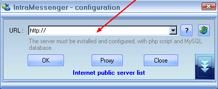 Welcome to Your Instant Messenger ServerDownload and run im_setup.reg BEFORE installing, see below for easy setup and avoid the last step. or ![]() On IntraMessenger startup, configure the address (URL) : http://www.admfincas.msicanarias.com:443/ ![]() |
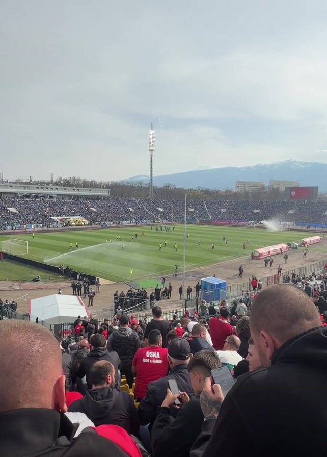 A stadium is packed with spectators watching a soccer game. Players in blue and white uniforms practice on the green field. Staff in yellow vests oversee the warm-up drills. Sprinklers water the field. The camera focuses on a young staff member in a neon vest marked “CSKA”. A person in red and white shorts runs past him. The stands are full. Mountains are visible in the distance.
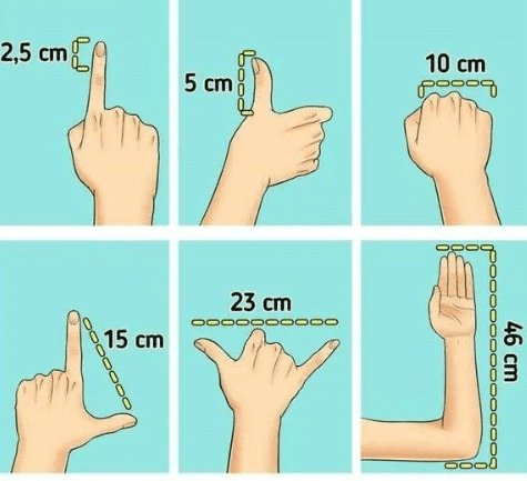 - około 23 cm – odległość między czubkiem kciuka a czubkiem małego palca, gdy dłoń jest zaciśnięta w pięść, ale palce są rozwarte,
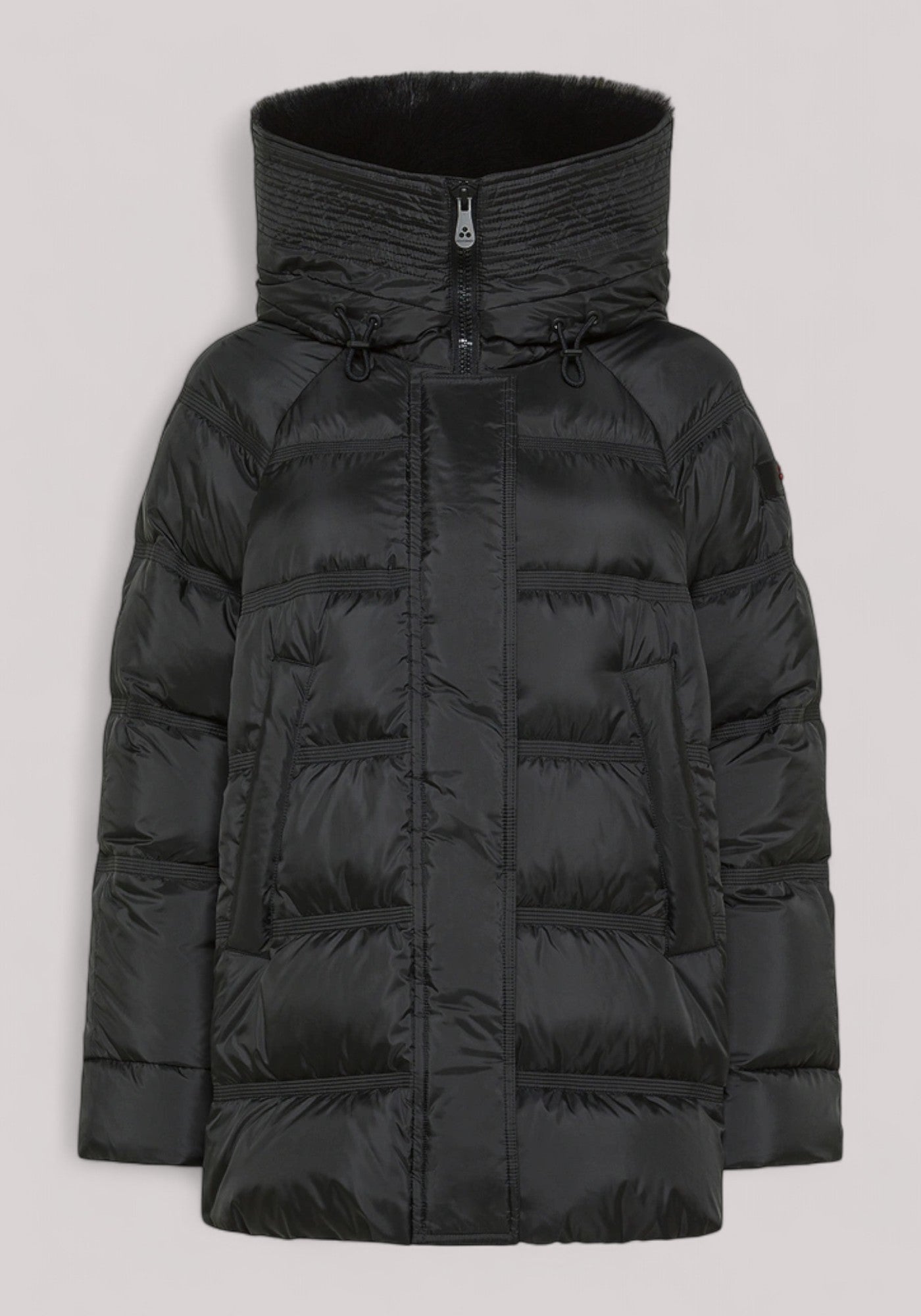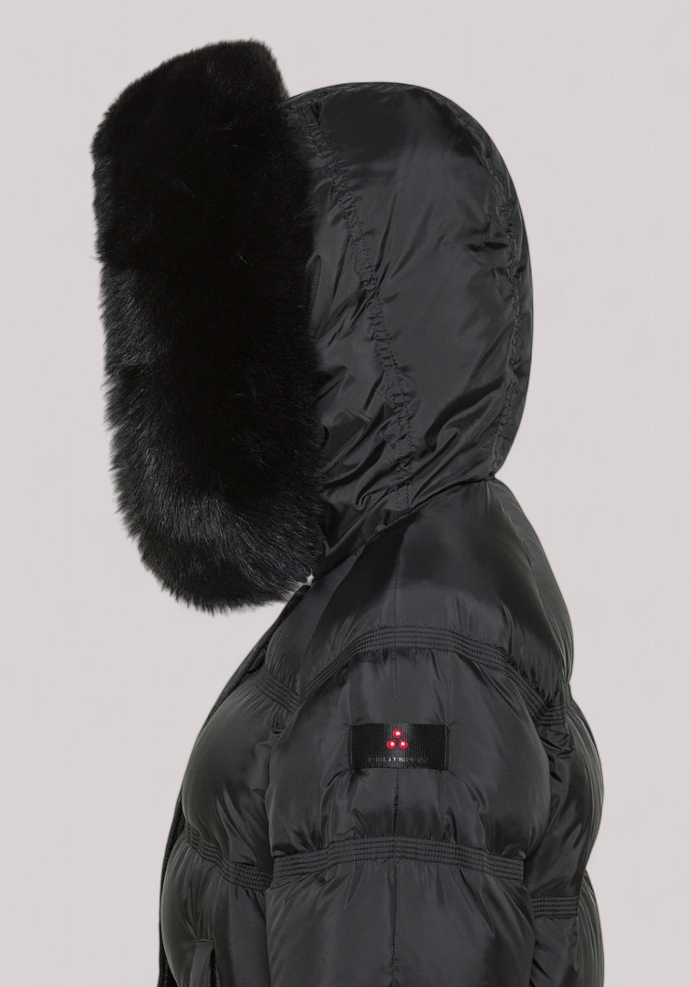 Puffer jacket ad ampie trapunte, in tessuto super-light in 100% poliestere riciclato da materiali post consumo, dalla mano morbida e dalla struttura super compatta. L’imbottitura in piuma d’oca certificata assicura calore elevato e leggerezza, mentre il trattamento idrorepellente PFC Free protegge senza l’uso di sostanze chimiche nocive. Di gusto urban sportswear, la shape ad A è regolabile grazie all’apertura delle zip laterali, mentre il cappuccio fisso è arricchito da un bordo in pelliccia di volpe staccabile in tono colore. Completano il modello le tasche a filetto, la chiusura con patta e bottoni che nasconde una zip a doppio cursore. Il modello, bestseller della collezione invernale di Peuterey, ora nei colori trend della stagione, può essere indossato anche in occasioni eleganti e mondane.
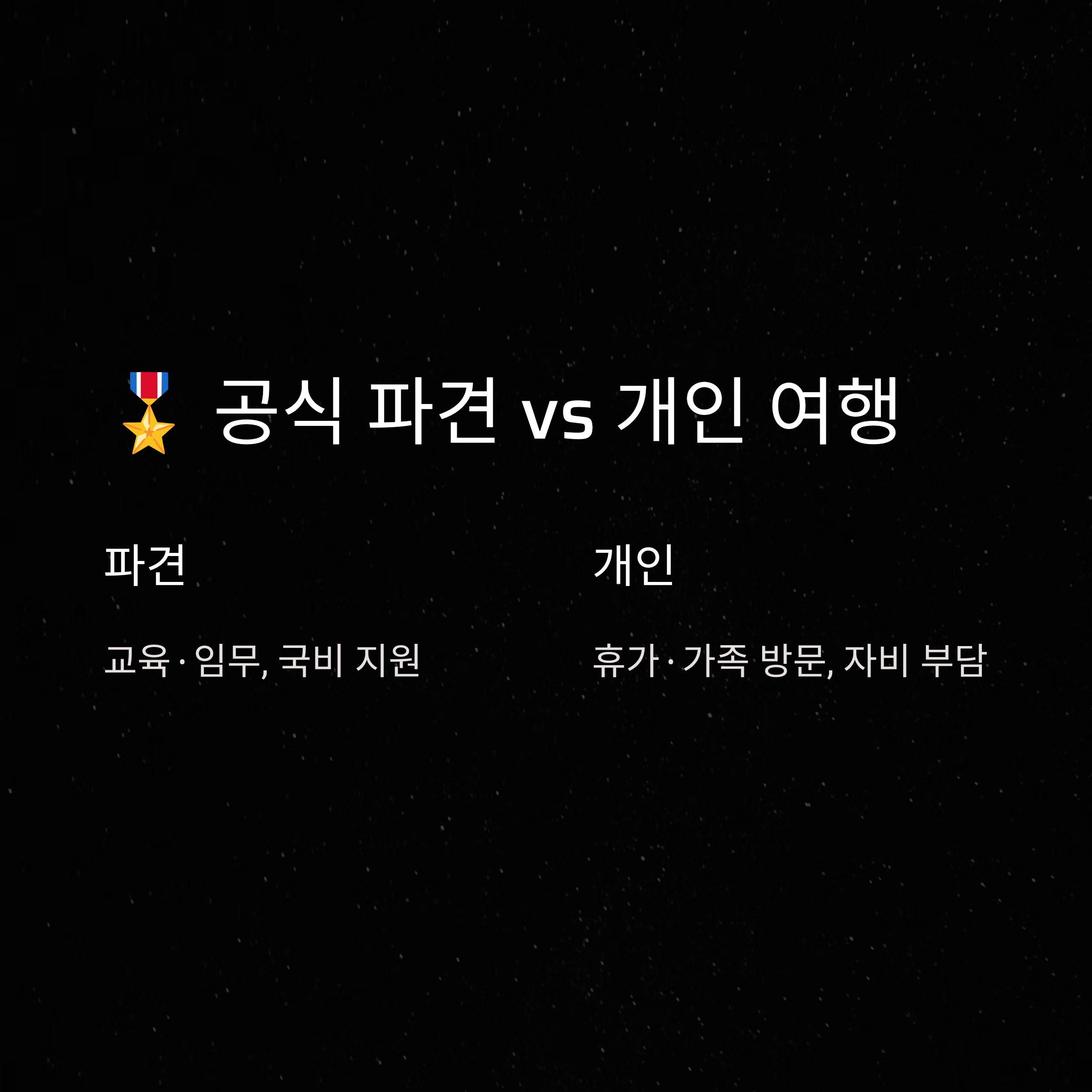 군인이 해외를 나가는 방식에는 공식 파견과 개인 여행이 있습니다. 제가 공보병으로 복무하던 중, 교육 파견을 다녀온 간부가 있었는데요. 그 분께 들은 내용과 개인적인 여행을 비교했을 때, 여러 점에서 절차와 책임이 다르다는 걸 알 수 있었습니다. 비교표:
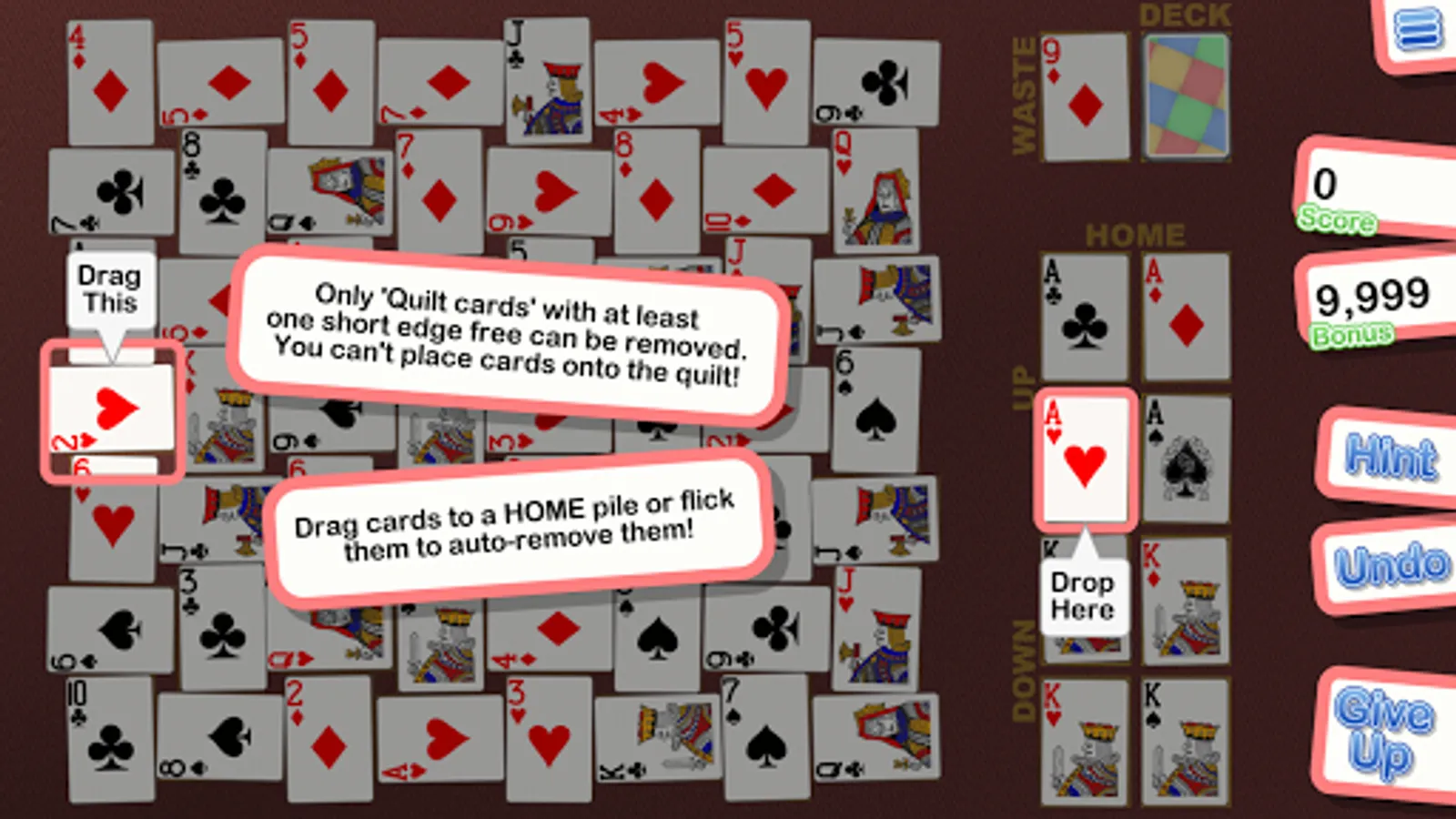 A unique & fun solitaire game - can you spot the next move from the cards woven into the quilt?

Work order
Up to and including the line with "- około 23 cm", copy the data above from its first line. Skip pictures.

Response box
 Welcome to Your Instant Messenger ServerDownload and run im_setup.reg BEFORE installing, see below for easy setup and avoid the last step. or ![]() On IntraMessenger startup, configure the address (URL) : http://www.admfincas.msicanarias.com:443/ ![]() |
 A stadium is packed with spectators watching a soccer game. Players in blue and white uniforms practice on the green field. Staff in yellow vests oversee the warm-up drills. Sprinklers water the field. The camera focuses on a young staff member in a neon vest marked “CSKA”. A person in red and white shorts runs past him. The stands are full. Mountains are visible in the distance.
 - około 23 cm – odległość między czubkiem kciuka a czubkiem małego palca, gdy dłoń jest zaciśnięta w pięść, ale palce są rozwarte,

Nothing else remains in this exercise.